● **Task details**
Below, locate the line that contains "続いて、Sディッシュの単品画". Repeat exactly from that line to the line that contains "Розетка компьютерная RJ45", inclusive, leaving out the pictures.

● **Records for the task**
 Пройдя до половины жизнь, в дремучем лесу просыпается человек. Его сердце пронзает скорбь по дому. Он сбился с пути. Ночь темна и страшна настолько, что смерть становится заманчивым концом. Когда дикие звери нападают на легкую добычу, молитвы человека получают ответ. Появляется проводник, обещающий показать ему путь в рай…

--

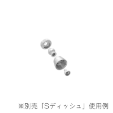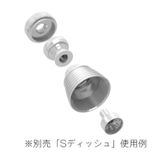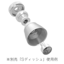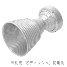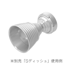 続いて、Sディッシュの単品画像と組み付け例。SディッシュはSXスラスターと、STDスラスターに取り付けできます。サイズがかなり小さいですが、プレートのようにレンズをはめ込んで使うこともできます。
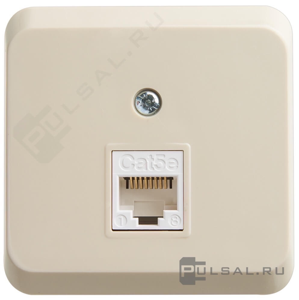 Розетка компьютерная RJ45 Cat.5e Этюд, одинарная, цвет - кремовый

● **Written answer**
 続いて、Sディッシュの単品画像と組み付け例。SディッシュはSXスラスターと、STDスラスターに取り付けできます。サイズがかなり小さいですが、プレートのようにレンズをはめ込んで使うこともできます。
 Розетка компьютерная RJ45 Cat.5e Этюд, одинарная, цвет - кремовый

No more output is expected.